Appendix – Using FINRA Reports in Your Firm’s Compliance Program
Firms have shared the following ways they have used prior FINRA publications, such as Exam Findings Reports, Priorities Letters and Reports on FINRA’s Examination and Risk Monitoring Program, to enhance their compliance programs. We encourage firms to consider these practices, if relevant to their business model, and continue to provide feedback on how they use FINRA publications.
- Assessment of Applicability: Performed a comprehensive review of the findings, observations and effective practices, and identified those that are relevant to their businesses.
- Risk Assessment: Incorporated the topics highlighted in our reports into their overall risk assessment process and paid special attention to those topics as they performed their compliance program review.
- Gap Analysis: Conducted a gap analysis to evaluate how their compliance programs and WSPs address the questions noted in Priorities Letters and the effective practices in Exam Findings Reports, and determined whether their compliance programs have any gaps that could lead to the types of findings noted in Exam Findings Reports.

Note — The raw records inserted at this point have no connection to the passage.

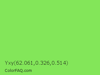 Yxy 62.061,0.326,0.514 Color is a light green color and the nearest color is Kiwi #8ee53f. Hex code #83e659 and RGB value is rgb(131,230,89). In RGB color space, this color is composed of 51% red, 90% green, 35% blue, In CMYK color space, this color is composed of 43% cyan, 0% magenta, 61% yellow , 10% black , In HSL color space, this color has a hue angle of 102° , 74% saturation and 63% lightness.
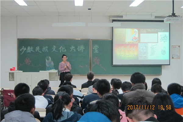 为向同学们普及少数民族的风俗习惯和民族文化, 11月12日晚,在太阳集团tyc151员工会少民部的组织下,少数民族大讲堂活动于太阳集团tyc151前卫南区李四光教学楼107教室如期举办,本次活动邀请了3位来自新疆的同学,为同学们详细地介绍了维吾尔族的衣食建筑、风俗习惯、传统节日以及民族文化,太阳集团tyc1512017级全体同学参加并认真聆听了他们的讲解。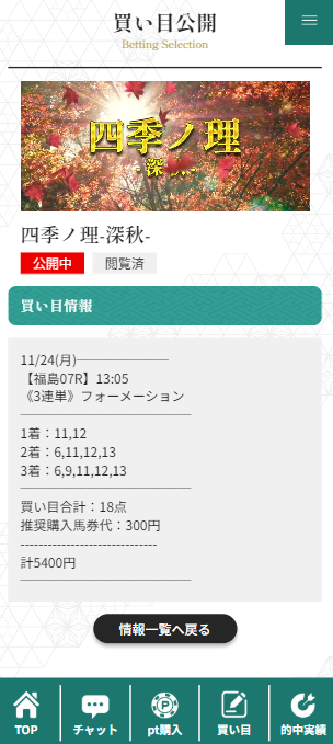 秋のG1戦予想が難しくて全敗だったけど無料予想で9万2360円は嬉しいな。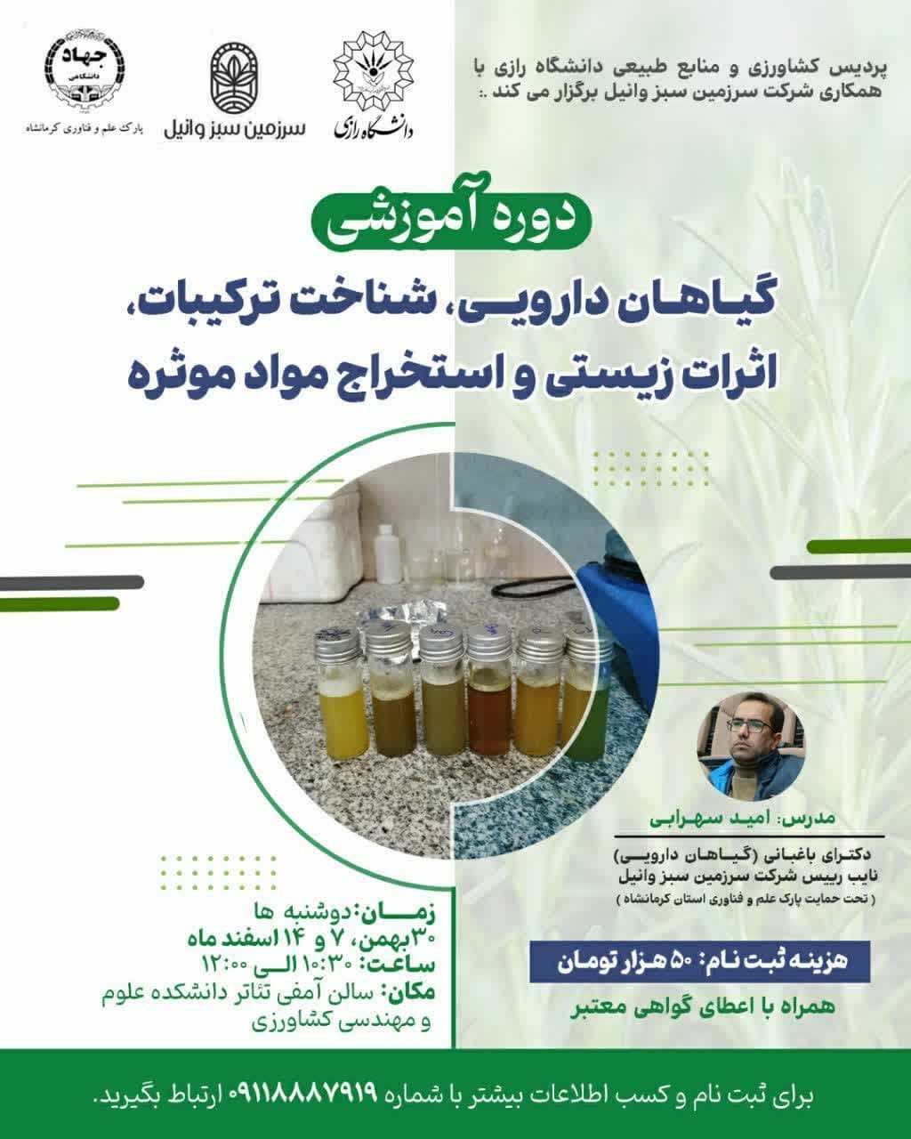 دوره آموزشی گیاهان دارویی، شناخت ترکیبات، اثرات زیستی و استخراج مواد مؤثره - پردیس کشاورزی و منابع طبیعی

- Project Team: Created interdisciplinary project teams and workstreams (with staff from operations, compliance, supervision, risk, business and legal departments, among other departments) to:
- assign compliance stakeholders and project owners;
- summarize current policies and control structures for each topic;
- engage the legal department for additional guidance regarding regulatory obligations;
- develop plans to address gaps; and
- implement effective practices that were not already part of their compliance program.
- Circulation to Compliance Groups: Shared copies of the publications or summaries of relevant sections with their compliance departments.
- Presentation to Business Leaders: Presented to business leadership about their action plans to address questions, findings, observations and effective practices from our reports.
- Guidance: Used reports to prepare newsletters, internal knowledge-sharing sites or other notices for their staff.
- Training: Added questions, findings, observations and effective practices from our reports, as well as additional guidance from firms’ policies and procedures to their Firm Element and other firm training.